■ Problem to work on: Copy exactly, and copy nothing else: the line that contains "以太網網格型接入單元已經廣泛" and all lines after it in the listing, without pictures.

■ Records:
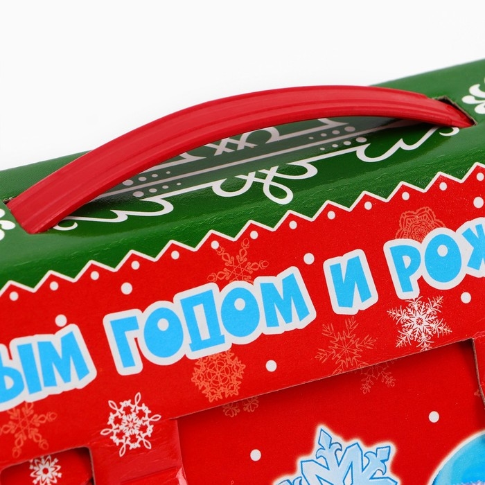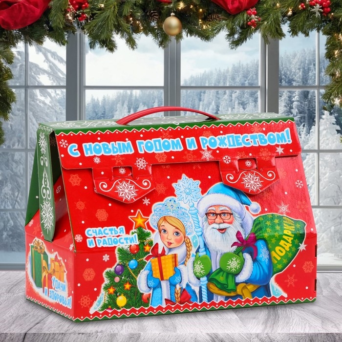 - Коробка выполнена из высококачественного картона, который не только прекрасно удерживает форму, но и гарантирует надёжность и долговечность. Ярко оформленная, она украшена красочными новогодними мотивами. Каждый элемент дизайна продуман до мелочей, чтобы создать ощущение праздника и сказки.
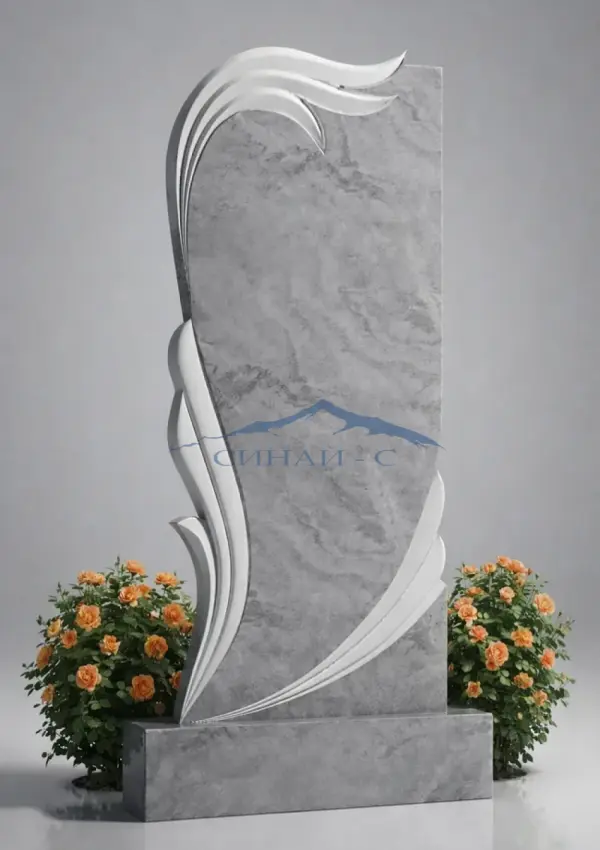Мраморный памятник выполнен из светлого натурального мрамора и отличается современной асимметричной формой с плавными изогнутыми линиями. Декоративные элементы, обрамляющие стелу, создают эффект движения и легкости, символизируя течение времени, память и духовное возвышение. Плавные формы придают памятнику особую выразительность и гармонию, формируя спокойный и благородный образ. Сочетание гладкой поверхности и художественных деталей подчеркивает естественную текстуру камня и аккуратность исполнения. Стела подходит для нанесения гравировки с именами, датами и изображениями, позволяя создать индивидуальный мемориал, отражающий светлую память о близком человеке.
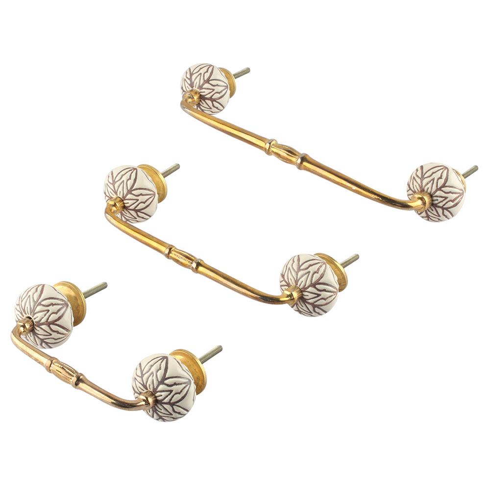 Cream Amarylis Floral Etched Ceramic Bridge Handle. Ideal for Drawer, Dresser, Cabinet, Wardrobe, Cupboard and Almirah.
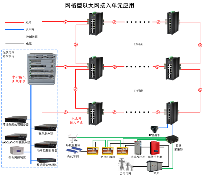 以太網網格型接入單元已經廣泛應用在光伏太陽能發電站現場和控制中心的匯流箱、直流配電柜、逆變器、交流配電柜、箱式和房式變壓系統、電能計量系統、環境和氣候監測儀、數據采集器、通信控制機、視頻監控云臺及報警控制、消防系統、風機系統、各種保護和開關裝置、RTU及配電裝置、以及各種現場遙控、遙測、遙信自動控制和監測裝置中。
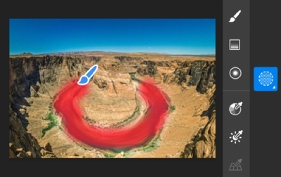 색 및 광도 범위 컨트롤을 포함하는 고급 마스크 도구를 사용하여 원하는 대로 특정 영역을 쉽게 편집할 수 있습니다. 떠 있는 마스크 패널에서 브러시, 선형 및 방사형 그레이디언트 도구에 액세스할 수 있습니다.
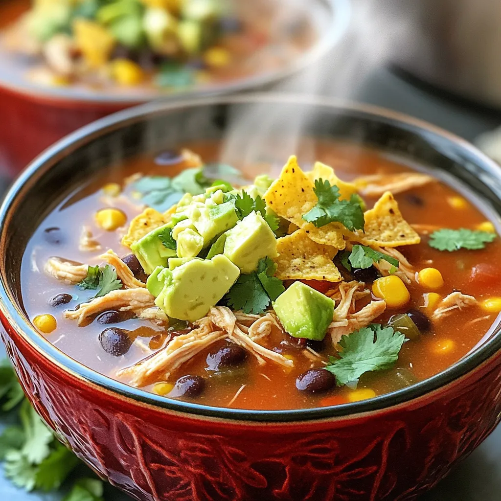 Serve: Scoop the soup into bowls, topping with diced avocado, chopped cilantro, and a handful of tortilla chips for crunch.

■ Result of the task:
 以太網網格型接入單元已經廣泛應用在光伏太陽能發電站現場和控制中心的匯流箱、直流配電柜、逆變器、交流配電柜、箱式和房式變壓系統、電能計量系統、環境和氣候監測儀、數據采集器、通信控制機、視頻監控云臺及報警控制、消防系統、風機系統、各種保護和開關裝置、RTU及配電裝置、以及各種現場遙控、遙測、遙信自動控制和監測裝置中。
 색 및 광도 범위 컨트롤을 포함하는 고급 마스크 도구를 사용하여 원하는 대로 특정 영역을 쉽게 편집할 수 있습니다. 떠 있는 마스크 패널에서 브러시, 선형 및 방사형 그레이디언트 도구에 액세스할 수 있습니다.
 Serve: Scoop the soup into bowls, topping with diced avocado, chopped cilantro, and a handful of tortilla chips for crunch.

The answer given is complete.